# Managing your sound design library



## Akarin (Dec 29, 2018)

I've just written a quick tutorial on how to manage your sound design samples in an efficient way: 



What's your method?


----------



## timprebble (Dec 29, 2018)

I use SoundMiner Pro - deep metadata support & also has a thesaurus built in.... my personal sound library has over 500k sounds (not counting Kontakt libraries) so SoundMiner is crucial

https://store.soundminer.com


----------



## karelpsota (Dec 29, 2018)

Great article! The auto-tagging seems like a neat feature.

Like @timprebble, I'm on Soundminer Pro for the batch metadata and VST rack.

How good is the auto-assign key and BPM?
Does it work it out base on audio, or does it look for existing data?


----------



## Akarin (Dec 30, 2018)

timprebble said:


> I use SoundMiner Pro - deep metadata support & also has a thesaurus built in.... my personal sound library has over 500k sounds (not counting Kontakt libraries) so SoundMiner is crucial
> 
> https://store.soundminer.com



This one looks like a real workhorse. I see it recommended quite often.

EDIT: Oh, and it's $900 too... whereas LoopCloud is free, so there's that!


----------



## Akarin (Dec 30, 2018)

karelpsota said:


> Great article! The auto-tagging seems like a neat feature.
> 
> Like @timprebble, I'm on Soundminer Pro for the batch metadata and VST rack.
> 
> ...



It analyzes the audio files (takes a bit of time), not only the metadata. The BPM is sometimes off, especially for the loops not in 4/4. They key is sometimes funky too but I'd say it's around 80% accurate. When having thousands of samples, it's a great starting point.


----------



## timprebble (Dec 30, 2018)

re "LoopCloud is free" 

Nothing is ever free per se, as with FB if the product is free then *you are whats for sale* (ie your data and/or your role as a potential customer for what they do sell)

its also worth noting a sound library is for life, not short term.
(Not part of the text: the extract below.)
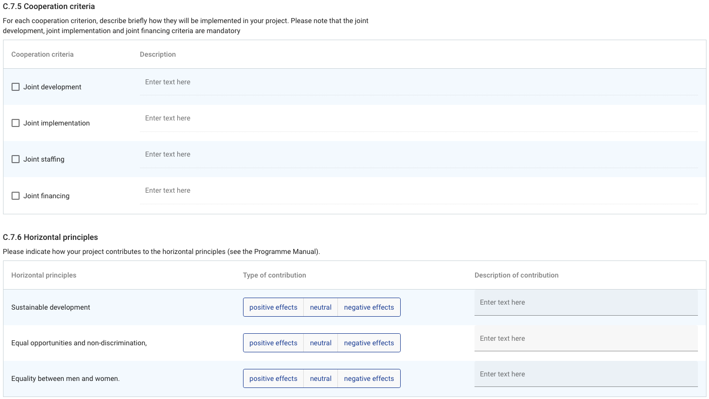 Details and guidance about the content of this section can be found in the Programme Manual, in the AF Offline template as well as in Jems.

For me, SoundMiner has paid for itself many, many times over... I appreciate the upfront cost is hefty, but managing a huge database of sounds so you can work efficiently in a professional sense is worth a lot. I dont remember exactly when I first got SoundMiner but it would be over a decade ago, so the impact on workflow (& the tax write off) means it cost me less than nothing.


----------